Cuomo predicts a dip in his approval rating over gun-control legislation
Governor Andrew Cuomo said he expects public polling numbers coming out tomorrow to show some of his approval figures dipping, particularly among rural voters upstate, following the passage of his gun control legislation.
"I expected it [when] we went through it with marriage equality," Cuomo said during a radio interview on Talk1300. "We know what the polls say on this because we've done it."
When the radio host, New York Post state editor Fred Dicker, said public polling showed the governor's approval rating jumping after the gay marriage vote passed in 2011, Cuomo said that in "my polls" the initial response was an overall drop in support, before it rose.

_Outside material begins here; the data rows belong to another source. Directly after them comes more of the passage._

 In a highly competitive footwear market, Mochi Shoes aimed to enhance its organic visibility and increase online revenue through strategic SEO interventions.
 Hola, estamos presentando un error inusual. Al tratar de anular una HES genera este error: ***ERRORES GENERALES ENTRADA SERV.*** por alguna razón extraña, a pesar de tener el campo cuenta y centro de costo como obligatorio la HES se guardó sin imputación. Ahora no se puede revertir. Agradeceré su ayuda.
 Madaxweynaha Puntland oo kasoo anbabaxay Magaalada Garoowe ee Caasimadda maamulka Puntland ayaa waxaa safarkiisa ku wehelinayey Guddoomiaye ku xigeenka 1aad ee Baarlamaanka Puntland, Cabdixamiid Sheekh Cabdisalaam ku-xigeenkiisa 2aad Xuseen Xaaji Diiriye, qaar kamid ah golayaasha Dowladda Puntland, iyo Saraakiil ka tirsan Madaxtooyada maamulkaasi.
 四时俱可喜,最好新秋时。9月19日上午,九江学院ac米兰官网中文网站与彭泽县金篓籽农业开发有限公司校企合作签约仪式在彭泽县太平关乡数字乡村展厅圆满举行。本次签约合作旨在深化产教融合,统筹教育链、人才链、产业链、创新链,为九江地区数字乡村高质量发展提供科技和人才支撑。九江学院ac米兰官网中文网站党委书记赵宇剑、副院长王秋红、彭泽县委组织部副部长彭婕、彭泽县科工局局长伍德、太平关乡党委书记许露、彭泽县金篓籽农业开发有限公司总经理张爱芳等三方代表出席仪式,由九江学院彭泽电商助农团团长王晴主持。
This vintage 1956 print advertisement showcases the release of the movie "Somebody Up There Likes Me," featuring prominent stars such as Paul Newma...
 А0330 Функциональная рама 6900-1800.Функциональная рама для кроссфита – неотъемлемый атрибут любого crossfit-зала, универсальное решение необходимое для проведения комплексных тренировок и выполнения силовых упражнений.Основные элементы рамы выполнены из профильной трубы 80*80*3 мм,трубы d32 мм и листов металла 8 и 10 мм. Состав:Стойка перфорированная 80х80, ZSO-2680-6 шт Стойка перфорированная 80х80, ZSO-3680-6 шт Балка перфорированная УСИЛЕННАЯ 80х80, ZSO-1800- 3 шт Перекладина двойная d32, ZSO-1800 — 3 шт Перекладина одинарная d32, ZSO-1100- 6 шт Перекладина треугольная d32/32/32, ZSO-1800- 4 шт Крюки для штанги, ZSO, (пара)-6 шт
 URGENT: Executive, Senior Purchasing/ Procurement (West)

Cuomo's campaign paid $16,000 for polling in the middle of March, well after he announced plans to pass a gay marriage bill. The campaign paid an additional $12,430 for polling at the end of May. By that point, Cuomo's role in passing the bill was garnering widespread attention.
In August of 2011, after the bill was passed, Cuomo's campaign paid $18,910 for polling. The campaign paid for additional polling in November ($18,300) and December ($8,200).
The governor, as he has in the past, described the debate over gun control as a "70-30" issue, with many more people in favor of it than against it. But the opposition, he said, was very vocal.
But Cuomo said he expected the noise about the gun control debate to fade, as it did with same-sex marriage, another hotly contested issue.
In another interview this morning, with Susan Arbetter on Albany-based WCNY, Cuomo said, "God gives us political capital to spend."
Not that he expects to spend it all right now.
Eighteen months after hundreds of protesters filled the halls of the Capitol, screaming for days on end, the issue of gay marriage has receded from the public discourse, said Cuomo. "Society evolved and we led the way. Guns is like that to me."
Not for everyone though. That issue returned when the four Republican state senators who supported the bill sought re-election. One, Jim Alesi of Rochester, opted not to run, hamstrung by that vote and other local issues. (He briefly brought a lawsuit against a couple on whose property he broke his leg while trespassing.)
Two other of those senators were defeated: Roy McDonald of the Capital Region and Stephen Saland of Poughheekspie.
A fourth, freshman Mark Grisanti of Buffalo, survived his re-election, though it was a harder race than most incumbent legislators usually face.